BluMail striving to support education, development

BluMail, a gateway for global email, education, networking, jobs and entrepreneurship, is providing a platform through the Internet to its clientele to contribute towards the development of their countries. A statement signed by Dr Sarah MacCue, Founder and Board Chair of BluMail, United States, said her outfit would provide free email accounts, educational content focused on conflict resolution, early childhood education, entrepreneurship and the environment. BluMail will also cover areas such as healthy lifestyles, human rights, religious understanding, women's empowerment and youth leadership. The statement said the facility would make available "National Geographic Photo of the Day, Top World Websites, Read/Share a Story Networking Platform for Intercultural Understanding, Write about Your Life, What Do YOU Think? Survey Platform, One Stop Portal for Entrepreneurship, Buy/Sell Product, Mentor to Mentee Matching, Daily Educational Message to Cell Phones, Email Accounts and Post/Find a Job". It indicated that operators of the facility are expected to deal with 2.5 million users each year.
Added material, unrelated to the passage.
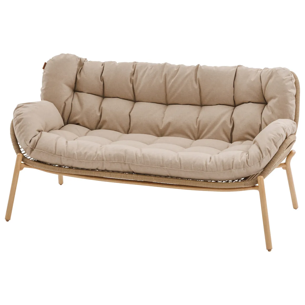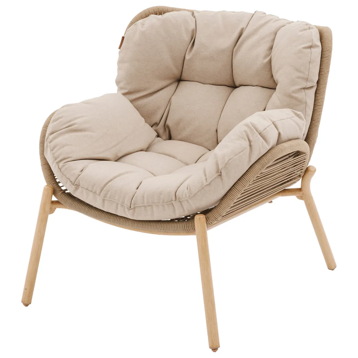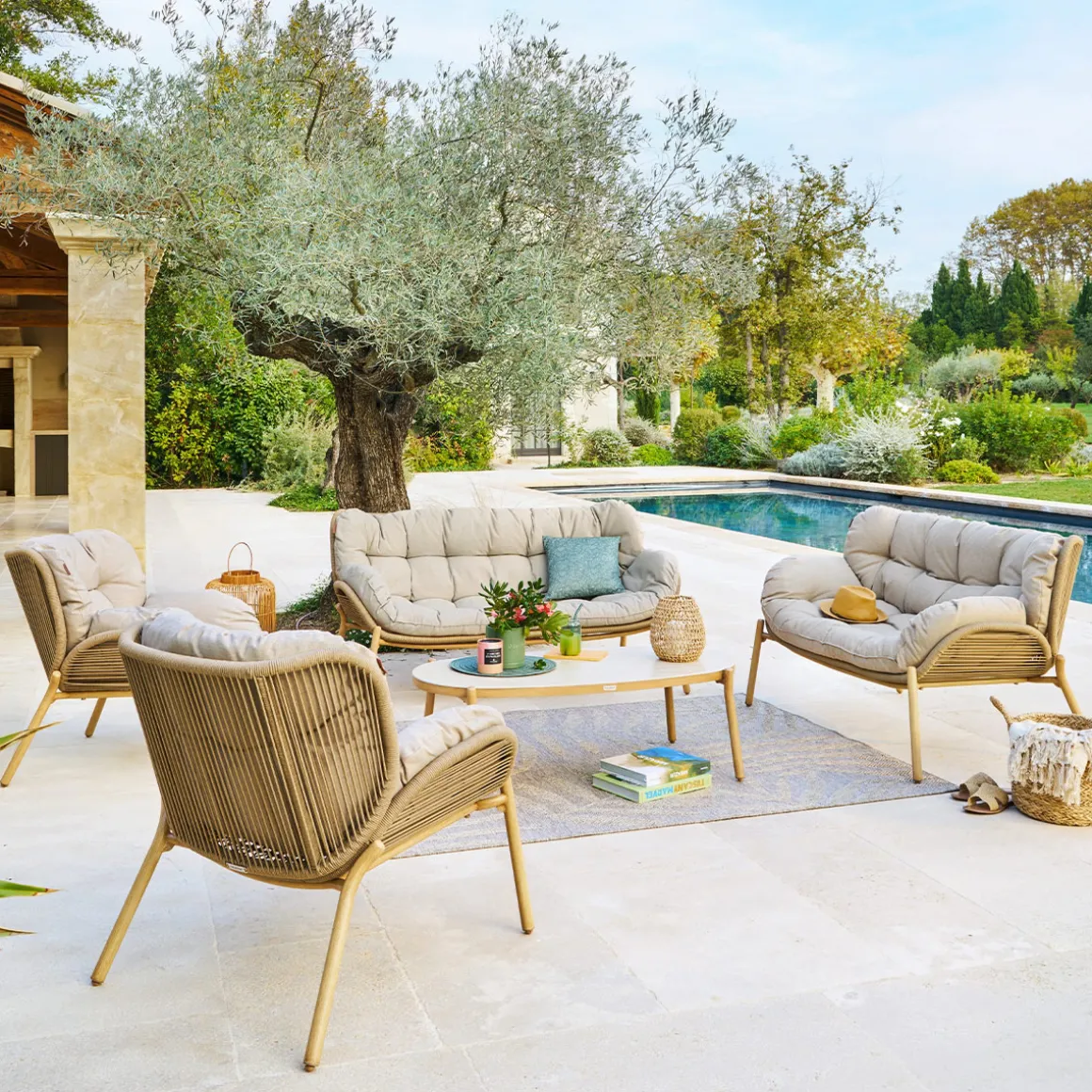 Juego de jardín MELOANE de 7 plazas efecto madera | Estructura tratada con epoxi antioxidante. Mantenimiento según las instrucciones del manual. Tejido tratado hidrófugo que permite que el agua resbale sin penetrar en el material. Producto tratado contra la decoloración. | Color: Beige | Material: Metal, Poliéster | Marca: Hespéride

By 2015 it is estimated that BluMail would reach 15 million users with an exponential growth totalling more than 100 million users. The statement said BluMail targeted a large global population, and at the end of 2008, six per cent had access to the Internet in Africa; 18 per cent in Asia; 23 per cent in the Middle East; 30 per cent in Latin America and 24 per cent average worldwide. It said operators of the facility had expressed satisfaction that the International Telecommunications Union had estimated that there would be a 10 per cent average annual growth rate in these regions. The statement said BluMail had, therefore, realised that as millions gain Internet access in the next decade, the opportunity to educate and inform the public would be unprecedented. It said "operators of the BluMail has observed that the target users were youth in developing countries with new and limited Internet connectivity, basic fourth to sixth grade literacy, and limited English language skills, estimated at about 2 billion in the world."